Requirement -
Line by line, retype the material exactly and leave each picture out.

• • • • •

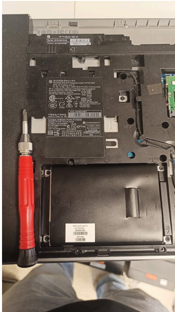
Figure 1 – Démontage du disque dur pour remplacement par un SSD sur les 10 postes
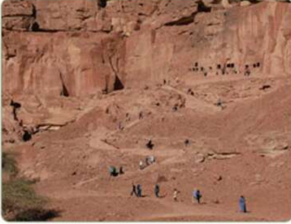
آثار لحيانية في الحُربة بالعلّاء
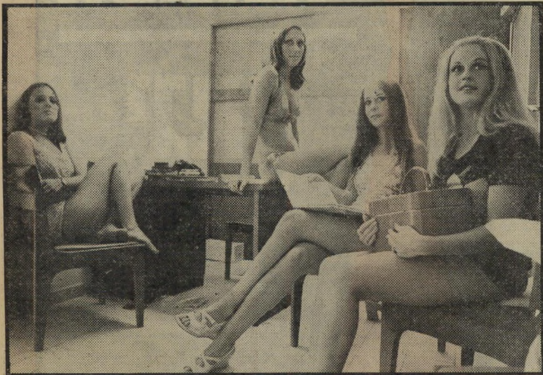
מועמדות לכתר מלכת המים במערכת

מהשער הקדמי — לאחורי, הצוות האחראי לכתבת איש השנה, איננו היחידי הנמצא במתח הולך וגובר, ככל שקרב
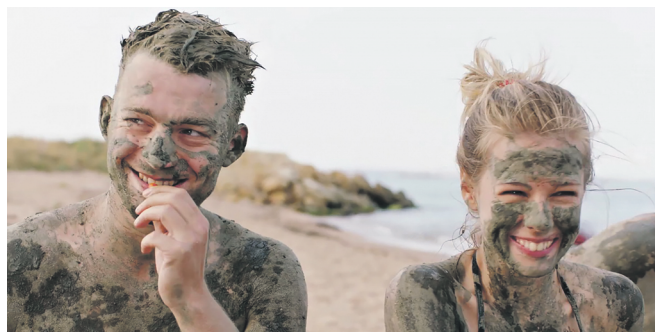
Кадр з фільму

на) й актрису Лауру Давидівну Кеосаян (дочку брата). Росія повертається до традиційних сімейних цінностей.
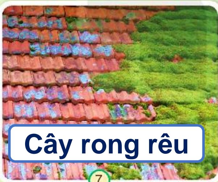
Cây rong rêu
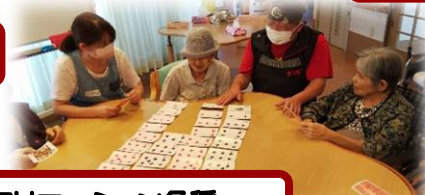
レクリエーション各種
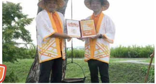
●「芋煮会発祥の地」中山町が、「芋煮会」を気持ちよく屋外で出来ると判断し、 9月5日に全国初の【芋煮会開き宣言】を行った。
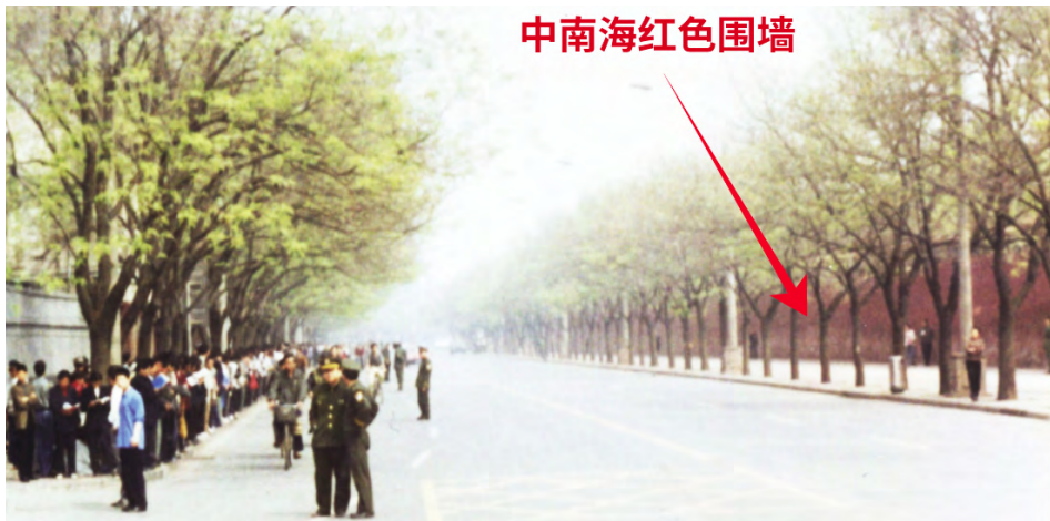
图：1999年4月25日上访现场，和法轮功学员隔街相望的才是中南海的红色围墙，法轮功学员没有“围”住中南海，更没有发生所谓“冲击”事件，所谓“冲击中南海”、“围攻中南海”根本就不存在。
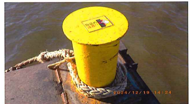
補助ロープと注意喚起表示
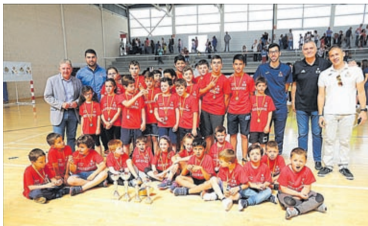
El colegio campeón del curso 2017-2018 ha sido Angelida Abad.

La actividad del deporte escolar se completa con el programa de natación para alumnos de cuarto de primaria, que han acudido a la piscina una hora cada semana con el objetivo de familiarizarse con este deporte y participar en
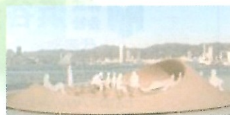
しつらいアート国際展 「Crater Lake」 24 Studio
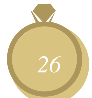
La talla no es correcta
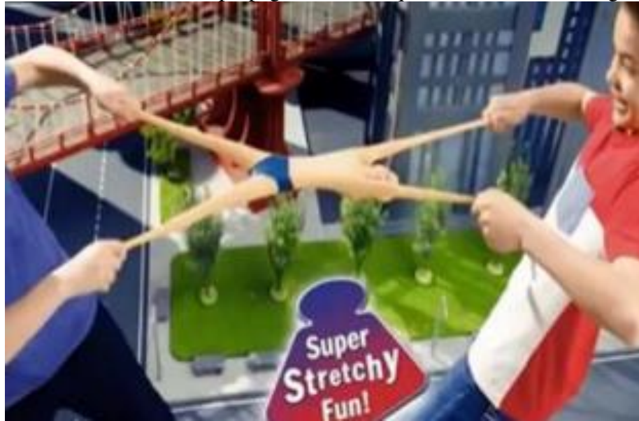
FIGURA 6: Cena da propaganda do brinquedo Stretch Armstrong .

• • • • •

Reply to the exercise -
Figure 1 – Démontage du disque dur pour remplacement par un SSD sur les 10 postes
آثار لحيانية في الحُربة بالعلّاء
מועמדות לכתר מלכת המים במערכת

מהשער הקדמי — לאחורי, הצוות האחראי לכתבת איש השנה, איננו היחידי הנמצא במתח הולך וגובר, ככל שקרב
Кадр з фільму

на) й актрису Лауру Давидівну Кеосаян (дочку брата). Росія повертається до традиційних сімейних цінностей.
Cây rong rêu
レクリエーション各種
●「芋煮会発祥の地」中山町が、「芋煮会」を気持ちよく屋外で出来ると判断し、 9月5日に全国初の【芋煮会開き宣言】を行った。
图：1999年4月25日上访现场，和法轮功学员隔街相望的才是中南海的红色围墙，法轮功学员没有“围”住中南海，更没有发生所谓“冲击”事件，所谓“冲击中南海”、“围攻中南海”根本就不存在。
補助ロープと注意喚起表示
El colegio campeón del curso 2017-2018 ha sido Angelida Abad.

La actividad del deporte escolar se completa con el programa de natación para alumnos de cuarto de primaria, que han acudido a la piscina una hora cada semana con el objetivo de familiarizarse con este deporte y participar en
しつらいアート国際展 「Crater Lake」 24 Studio
La talla no es correcta
FIGURA 6: Cena da propaganda do brinquedo Stretch Armstrong .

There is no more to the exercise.